Disruption of FtsA helix 7 reduces FtsA-ZipA interaction. (A and B) Various FtsA constructs with residue changes in helix 7 were expressed in ftsA12(Ts) cells (WM1115) and tested for viability at different concentrations of inducer under either permissive (A) or nonpermissive (B) conditions. (C) A subset of these residue changes were converted into BpA-containing derivatives and tested for their ability to cross-link with ZipA. Protein extracts from cultures supplemented with BpA and cross-linked with UV were separated by SDS-PAGE and probed on Western blots with anti-FtsA or anti-ZipA. FtsA, ZipA, and cross-linked species (CLS) are highlighted. Blots contain spliced lanes from the same gel. Molecular weight markers in kilodaltons are shown at the left.

FIG 4

FtsA* forms CLS in the absence of ZipA and cross-links as well as FtsA. Cross-linking experiments with FtsAR260-Bpa or FtsA containing both R286W (FtsA* allele) and R260-BpA tested whether the presence of the R286W allele (ftsA*), which decreases FtsA oligomerization, influences the relative levels of cross-linking to ZipA or another FtsA. The zipA⁺ strain WM1115 or the ftsA* ΔzipA strain WM1657, with or without pPK9-ZipA to overproduce ZipA, was used to express either FtsAR260-BpA (lanes 1 and 2) or FtsA*R260-BpA (lanes 3 to 8) in the presence of BpA, UV cross-linked or not, followed by separation of proteins by SDS-PAGE and probing Western blots with anti-FtsA (A) or anti-ZipA (B). Un-cross-linked FtsA and ZipA, as well as major and minor CLS bands, are denoted with arrowheads. Molecular weight markers are shown at the left. Lanes 1 and 2 and lanes 3 to 8 were from separate gels.

FIG 5

Bacterial two-hybrid assay for ZipA-FtsA interactions.

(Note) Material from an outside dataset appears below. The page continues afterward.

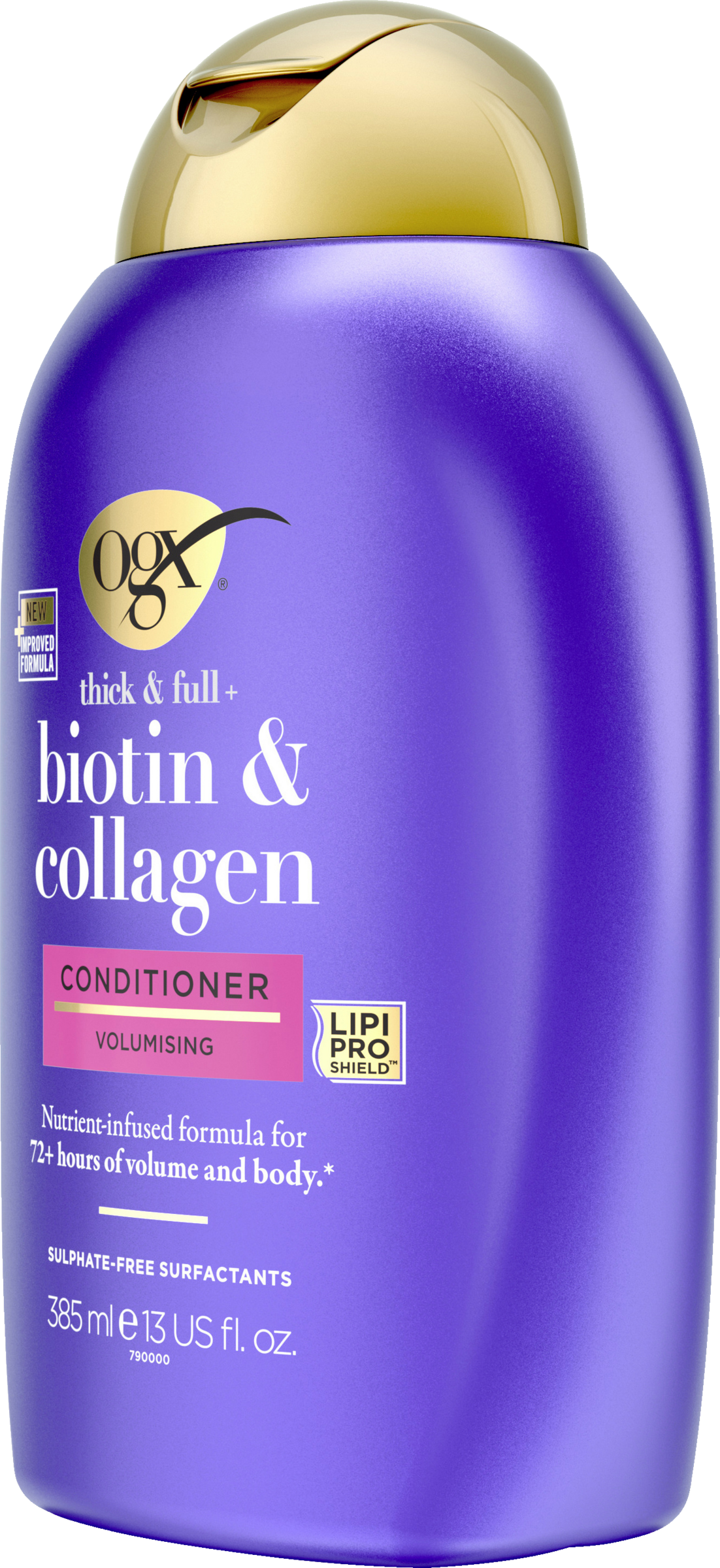 Volumenbalsam til fint og tyndt hår: OGX Biotin & Collagen Conditioner giver fint og tyndt hår mere volumen og intens fylde* i 72+ timer takket være den rige plejeformel. Den nye og forbedrede formel med patenteret LipiPro Shield-teknologi beskytter lipid- og proteinbarrieren og giver et sundt udseende hår. Derudover hjælper balsammen uden sulfatholdige overfladeaktive stoffer med at skabe velplejet og forførende duftende hår.

BTH101 cells containing pUT18c derivatives carrying full-length FtsA (WT) or small deletions within helix 7 plus pKNT25 or pKT25 derivatives fused to FtsA, FtsN, FtsZ, or ZipA (or empty vector) were spotted onto LB X-Gal plates with antibiotics and 50 µM IPTG, incubated for 24 h at 30°C, and photographed. All six replicates for each pair had identical phenotypes, and so only one example of each pair is shown.